Data records:
◇ ◇ ◇ ◇

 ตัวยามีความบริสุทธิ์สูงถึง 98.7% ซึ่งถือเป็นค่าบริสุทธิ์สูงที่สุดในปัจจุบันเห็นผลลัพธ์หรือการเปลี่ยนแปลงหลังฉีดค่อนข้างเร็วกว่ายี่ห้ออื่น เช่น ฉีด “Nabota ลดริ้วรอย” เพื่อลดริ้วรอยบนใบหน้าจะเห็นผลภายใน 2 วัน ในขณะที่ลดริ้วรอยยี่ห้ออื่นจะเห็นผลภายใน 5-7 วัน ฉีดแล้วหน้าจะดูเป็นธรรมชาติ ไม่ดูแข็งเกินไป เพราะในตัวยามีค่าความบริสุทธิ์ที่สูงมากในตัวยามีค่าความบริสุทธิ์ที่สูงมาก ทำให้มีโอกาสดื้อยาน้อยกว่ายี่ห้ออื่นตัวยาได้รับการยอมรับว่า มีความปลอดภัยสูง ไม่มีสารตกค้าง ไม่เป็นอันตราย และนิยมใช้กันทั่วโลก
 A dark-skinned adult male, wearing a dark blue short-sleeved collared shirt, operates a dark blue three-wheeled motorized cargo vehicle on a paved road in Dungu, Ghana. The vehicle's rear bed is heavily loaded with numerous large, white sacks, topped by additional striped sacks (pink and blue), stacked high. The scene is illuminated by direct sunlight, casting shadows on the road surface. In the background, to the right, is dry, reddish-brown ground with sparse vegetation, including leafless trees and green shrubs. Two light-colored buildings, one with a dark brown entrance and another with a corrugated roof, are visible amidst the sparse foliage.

◇ ◇ ◇ ◇

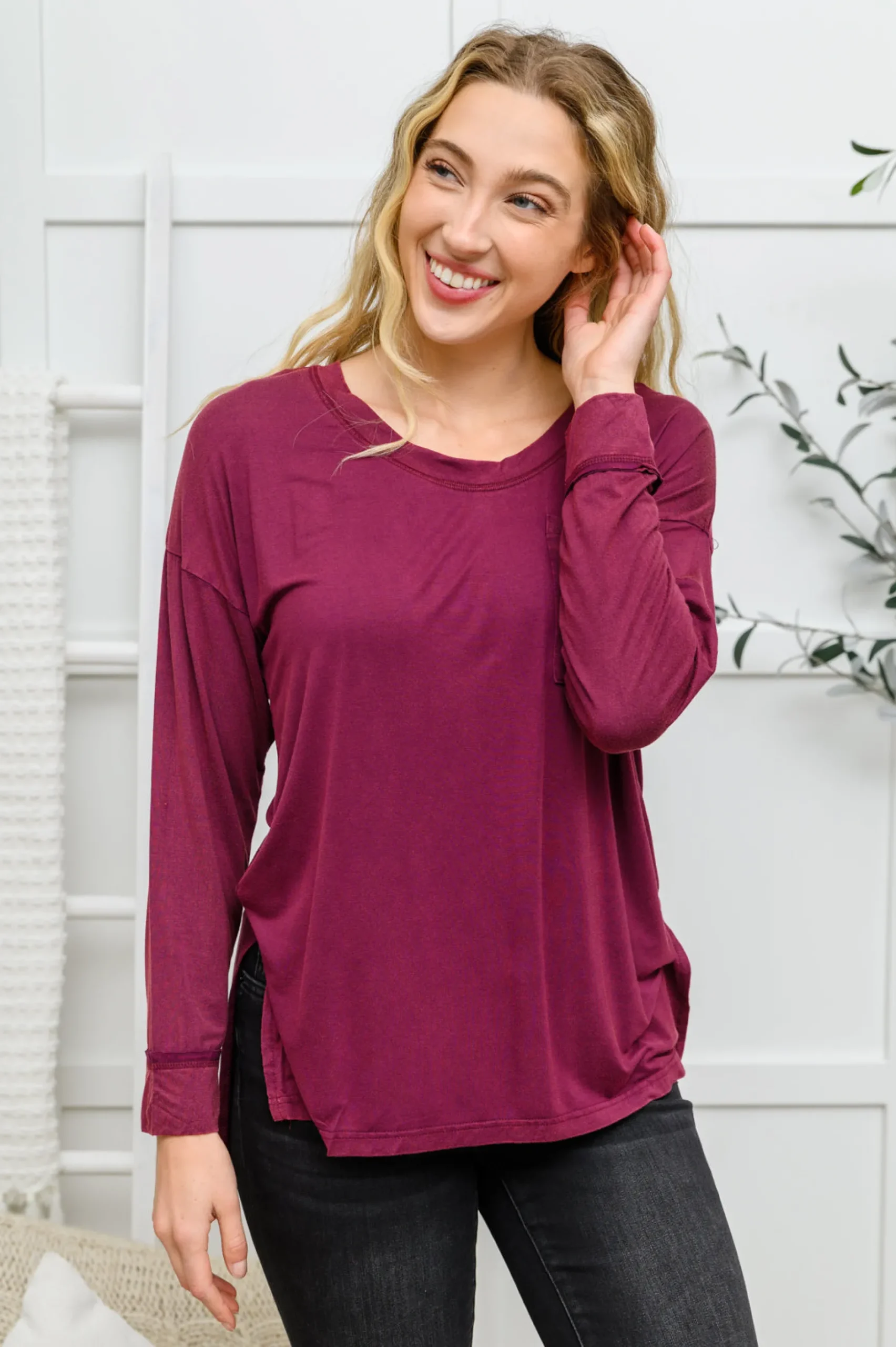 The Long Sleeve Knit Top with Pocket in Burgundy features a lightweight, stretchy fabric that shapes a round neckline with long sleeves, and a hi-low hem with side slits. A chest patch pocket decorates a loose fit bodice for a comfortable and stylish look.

◇ ◇ ◇ ◇

Reproduce the lines above, beginning at the line with "ไม่มีสารตกค้าง ไม่เป็นอันตราย และนิยมใช้กันทั่วโลก" and stopping after the line with "A dark-skinned adult", exactly as they are.

 ตัวยามีความบริสุทธิ์สูงถึง 98.7% ซึ่งถือเป็นค่าบริสุทธิ์สูงที่สุดในปัจจุบันเห็นผลลัพธ์หรือการเปลี่ยนแปลงหลังฉีดค่อนข้างเร็วกว่ายี่ห้ออื่น เช่น ฉีด “Nabota ลดริ้วรอย” เพื่อลดริ้วรอยบนใบหน้าจะเห็นผลภายใน 2 วัน ในขณะที่ลดริ้วรอยยี่ห้ออื่นจะเห็นผลภายใน 5-7 วัน ฉีดแล้วหน้าจะดูเป็นธรรมชาติ ไม่ดูแข็งเกินไป เพราะในตัวยามีค่าความบริสุทธิ์ที่สูงมากในตัวยามีค่าความบริสุทธิ์ที่สูงมาก ทำให้มีโอกาสดื้อยาน้อยกว่ายี่ห้ออื่นตัวยาได้รับการยอมรับว่า มีความปลอดภัยสูง ไม่มีสารตกค้าง ไม่เป็นอันตราย และนิยมใช้กันทั่วโลก
 A dark-skinned adult male, wearing a dark blue short-sleeved collared shirt, operates a dark blue three-wheeled motorized cargo vehicle on a paved road in Dungu, Ghana. The vehicle's rear bed is heavily loaded with numerous large, white sacks, topped by additional striped sacks (pink and blue), stacked high. The scene is illuminated by direct sunlight, casting shadows on the road surface. In the background, to the right, is dry, reddish-brown ground with sparse vegetation, including leafless trees and green shrubs. Two light-colored buildings, one with a dark brown entrance and another with a corrugated roof, are visible amidst the sparse foliage.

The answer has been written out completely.